WHAT THIS TASK INVOLVES: In the listing below, find the line with "Calze divertenti con" and the line with "Set up in his", then return them and every line between them exactly, minus the pictures.

*** INFORMATION SHOWN ***

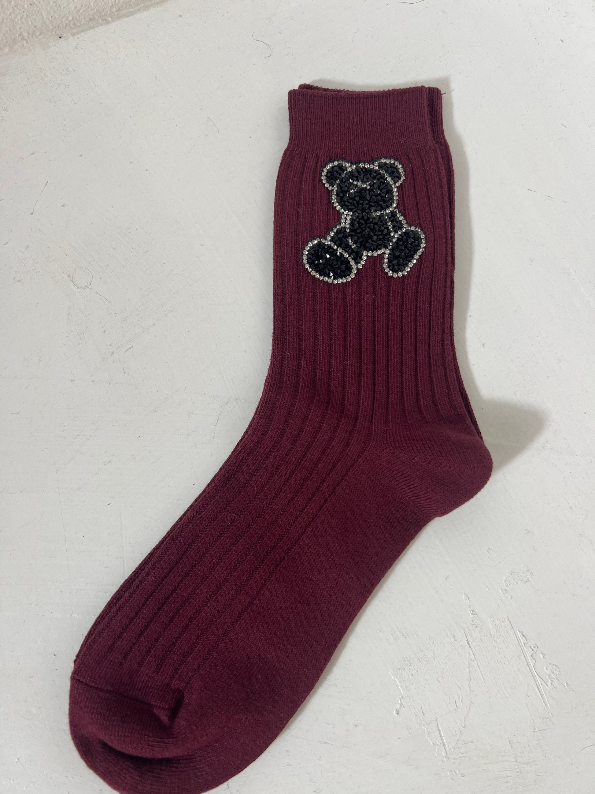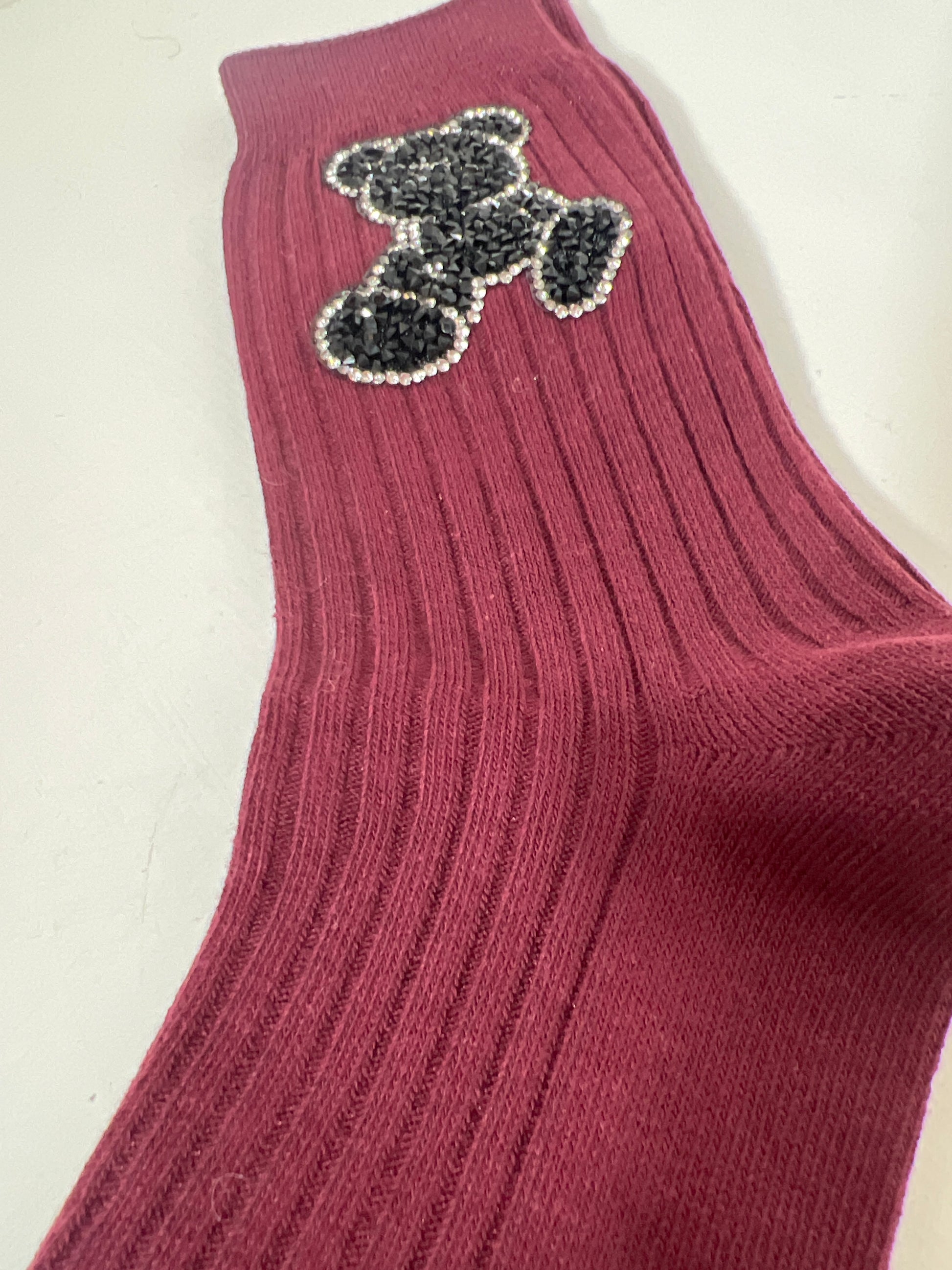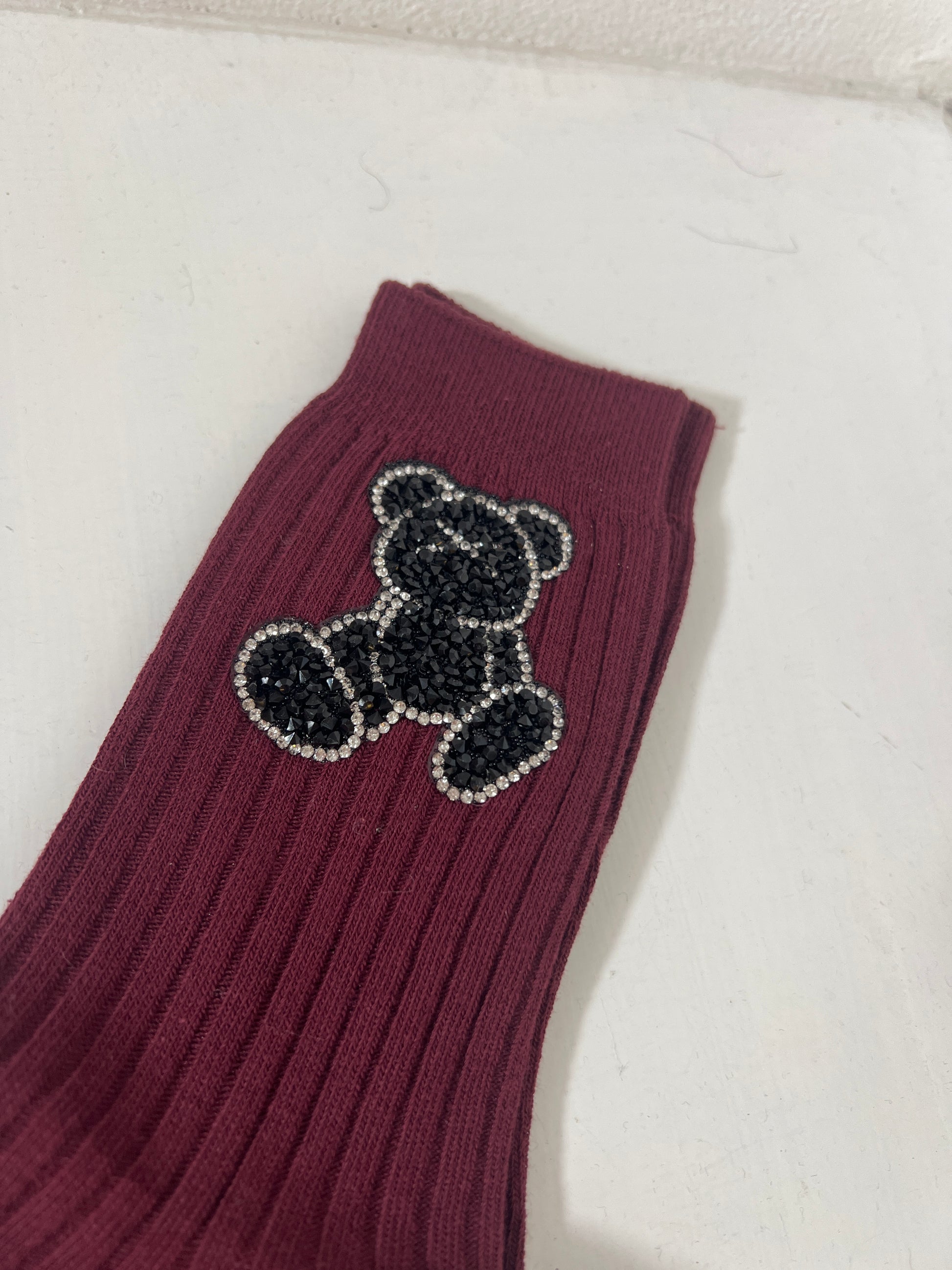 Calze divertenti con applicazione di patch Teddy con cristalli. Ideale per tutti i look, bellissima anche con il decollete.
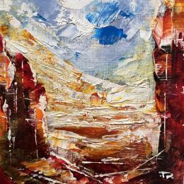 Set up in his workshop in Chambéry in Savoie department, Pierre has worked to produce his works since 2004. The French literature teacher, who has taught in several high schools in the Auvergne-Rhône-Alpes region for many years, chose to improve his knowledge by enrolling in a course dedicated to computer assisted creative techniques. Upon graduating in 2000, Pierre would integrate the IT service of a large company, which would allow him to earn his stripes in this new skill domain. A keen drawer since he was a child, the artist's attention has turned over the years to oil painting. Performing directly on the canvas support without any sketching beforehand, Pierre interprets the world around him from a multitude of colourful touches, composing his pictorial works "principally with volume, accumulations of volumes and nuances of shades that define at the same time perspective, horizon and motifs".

*** End of INFORMATION SHOWN ***
*** INFORMATION SHOWN ***

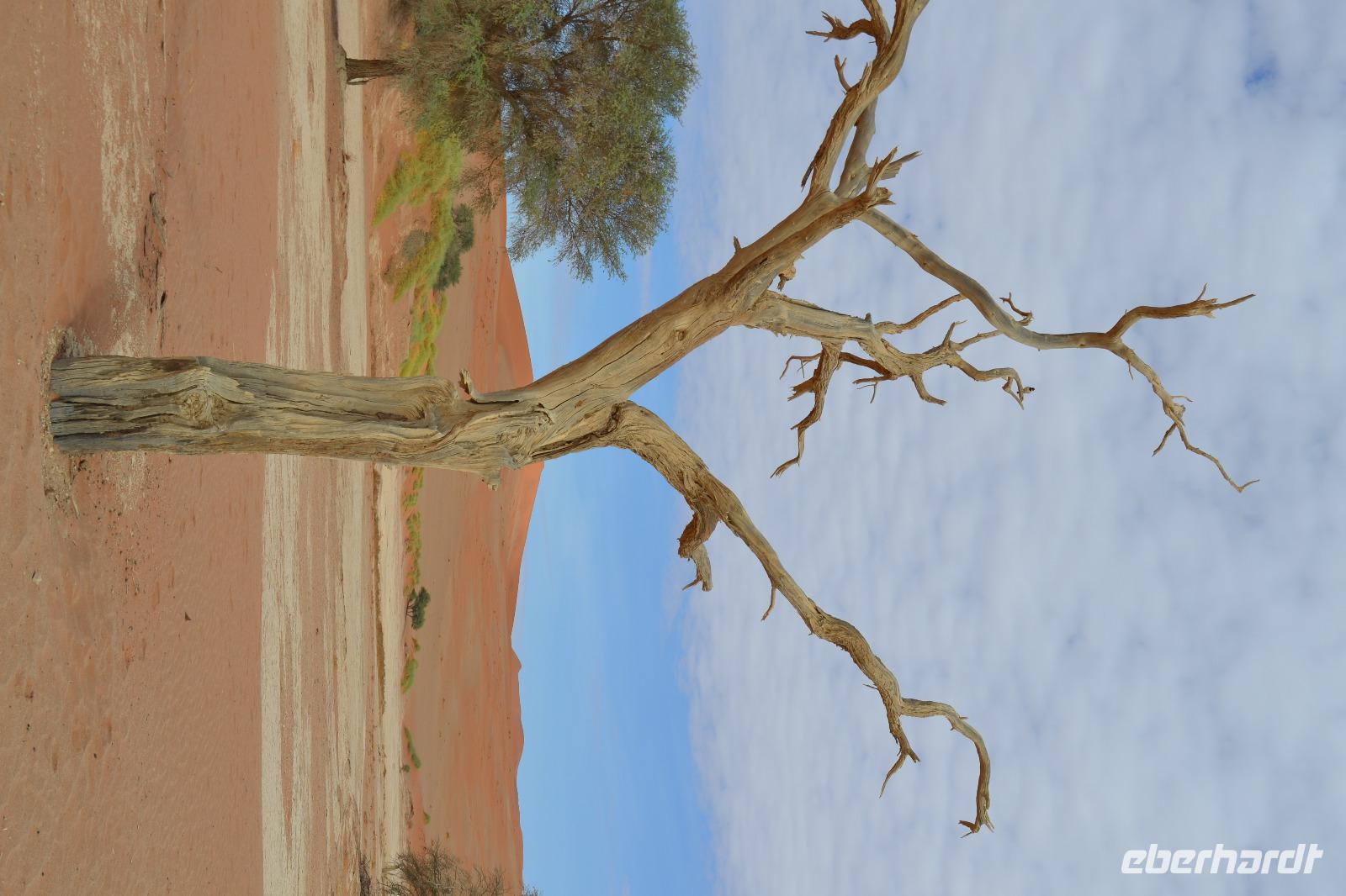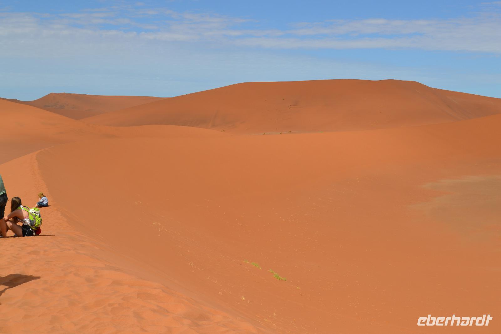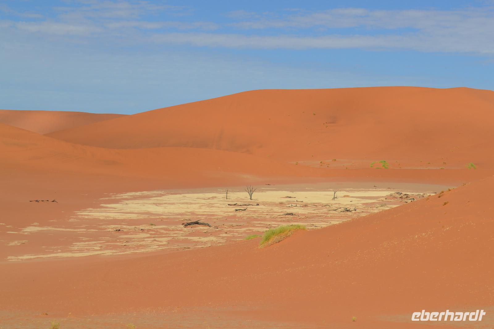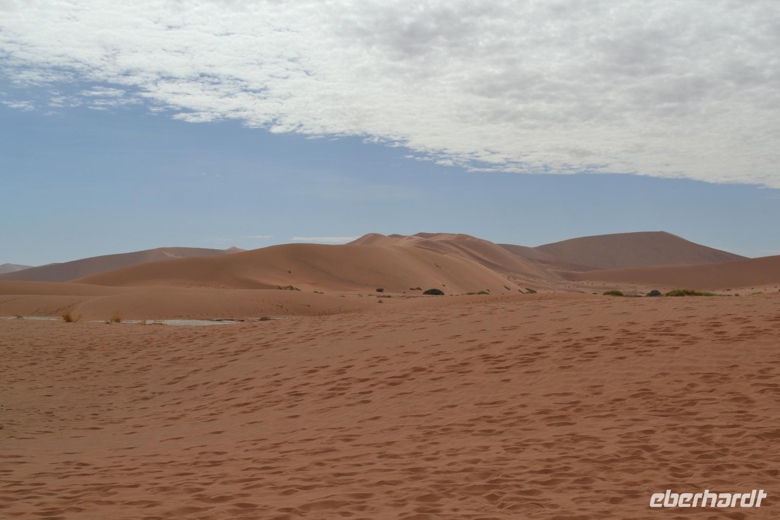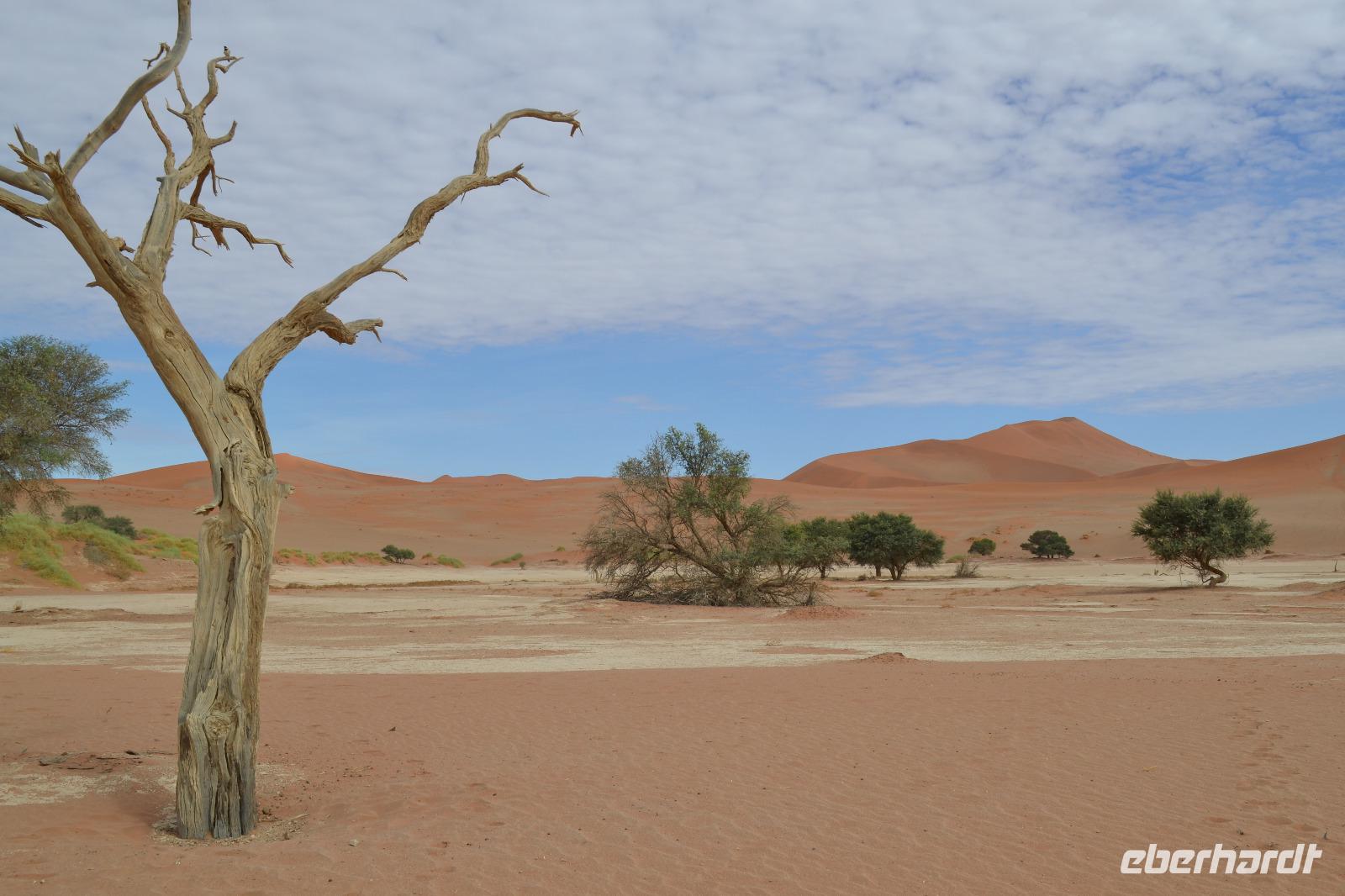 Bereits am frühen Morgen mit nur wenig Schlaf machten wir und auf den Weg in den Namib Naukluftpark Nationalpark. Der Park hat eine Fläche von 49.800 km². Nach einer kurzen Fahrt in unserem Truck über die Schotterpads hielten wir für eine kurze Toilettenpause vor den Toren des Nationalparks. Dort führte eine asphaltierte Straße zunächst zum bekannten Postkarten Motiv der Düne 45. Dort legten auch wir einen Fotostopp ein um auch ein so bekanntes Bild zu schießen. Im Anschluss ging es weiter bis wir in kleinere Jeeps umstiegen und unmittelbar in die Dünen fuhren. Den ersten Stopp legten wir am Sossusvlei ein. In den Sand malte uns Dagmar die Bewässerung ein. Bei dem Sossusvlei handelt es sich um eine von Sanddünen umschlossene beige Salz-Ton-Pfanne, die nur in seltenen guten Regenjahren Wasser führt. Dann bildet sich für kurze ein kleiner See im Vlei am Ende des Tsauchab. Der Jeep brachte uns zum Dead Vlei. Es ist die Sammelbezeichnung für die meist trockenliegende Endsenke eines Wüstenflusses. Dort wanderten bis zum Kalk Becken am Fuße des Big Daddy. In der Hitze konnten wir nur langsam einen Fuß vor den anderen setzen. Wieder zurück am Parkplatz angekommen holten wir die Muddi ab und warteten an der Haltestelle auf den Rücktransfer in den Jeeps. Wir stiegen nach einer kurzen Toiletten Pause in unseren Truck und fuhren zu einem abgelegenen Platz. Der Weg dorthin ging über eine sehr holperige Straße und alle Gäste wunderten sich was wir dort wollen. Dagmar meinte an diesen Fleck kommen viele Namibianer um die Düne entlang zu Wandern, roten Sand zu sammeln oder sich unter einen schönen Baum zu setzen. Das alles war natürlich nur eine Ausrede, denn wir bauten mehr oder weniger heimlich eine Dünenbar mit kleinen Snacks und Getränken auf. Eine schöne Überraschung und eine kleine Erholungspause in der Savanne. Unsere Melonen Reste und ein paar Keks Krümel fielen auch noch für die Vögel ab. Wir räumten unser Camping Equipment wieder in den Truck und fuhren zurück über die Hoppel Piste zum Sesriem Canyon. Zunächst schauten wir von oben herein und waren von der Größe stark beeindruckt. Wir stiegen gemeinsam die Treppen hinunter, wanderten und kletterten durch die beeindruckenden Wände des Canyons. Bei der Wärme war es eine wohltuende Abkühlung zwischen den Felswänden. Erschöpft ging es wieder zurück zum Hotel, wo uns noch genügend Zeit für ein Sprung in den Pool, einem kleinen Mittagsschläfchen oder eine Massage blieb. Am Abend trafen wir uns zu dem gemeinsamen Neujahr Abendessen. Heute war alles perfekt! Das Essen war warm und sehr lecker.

*** End of INFORMATION SHOWN ***

TASK ANSWER:
 Calze divertenti con applicazione di patch Teddy con cristalli. Ideale per tutti i look, bellissima anche con il decollete.
 Set up in his workshop in Chambéry in Savoie department, Pierre has worked to produce his works since 2004. The French literature teacher, who has taught in several high schools in the Auvergne-Rhône-Alpes region for many years, chose to improve his knowledge by enrolling in a course dedicated to computer assisted creative techniques. Upon graduating in 2000, Pierre would integrate the IT service of a large company, which would allow him to earn his stripes in this new skill domain. A keen drawer since he was a child, the artist's attention has turned over the years to oil painting. Performing directly on the canvas support without any sketching beforehand, Pierre interprets the world around him from a multitude of colourful touches, composing his pictorial works "principally with volume, accumulations of volumes and nuances of shades that define at the same time perspective, horizon and motifs".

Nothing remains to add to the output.